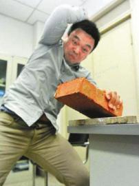 “我那时候上‘工程实践’课,为了让学生更直观了解科学的力量,鼓励他们平时学以致用,就想了这么个办法。”说起当年的经历,魏骁勇挠了挠头,有点羞涩,“其实这是个简单的物理原理,是桌子把砖劈开了。”
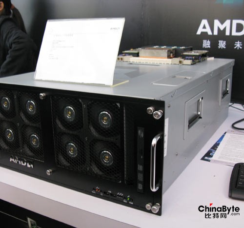 AMD还展出了基于4路12核Magny-Cours芯片的服务器工程样机,采用了全新的AMD芯片组,12核处理器有12M的L3缓存,四通道U/RDDR3$LV RDDR3内存控制器。不过当时展出的机器并未插满四个插槽,AMD中国区服务器与工作站产品经理梁宏伟先生介绍称,基于这台机器做了两个虚拟机,其中一个虚拟机运行的是Windows Server 2008 R2。
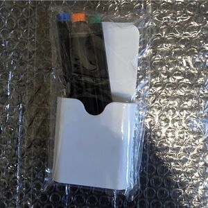 selling at cheaper price because it only comes with 3 acrylic paint pens a magnetic holder for pens and the board. it is missing the erase piece of fabric.

- Directions for this task -
Every picture stays out; reproduce exactly the lines from the one with "Server 2008 R2。" through the last line of the data above.

- Written answer -
 AMD还展出了基于4路12核Magny-Cours芯片的服务器工程样机,采用了全新的AMD芯片组,12核处理器有12M的L3缓存,四通道U/RDDR3$LV RDDR3内存控制器。不过当时展出的机器并未插满四个插槽,AMD中国区服务器与工作站产品经理梁宏伟先生介绍称,基于这台机器做了两个虚拟机,其中一个虚拟机运行的是Windows Server 2008 R2。
 selling at cheaper price because it only comes with 3 acrylic paint pens a magnetic holder for pens and the board. it is missing the erase piece of fabric.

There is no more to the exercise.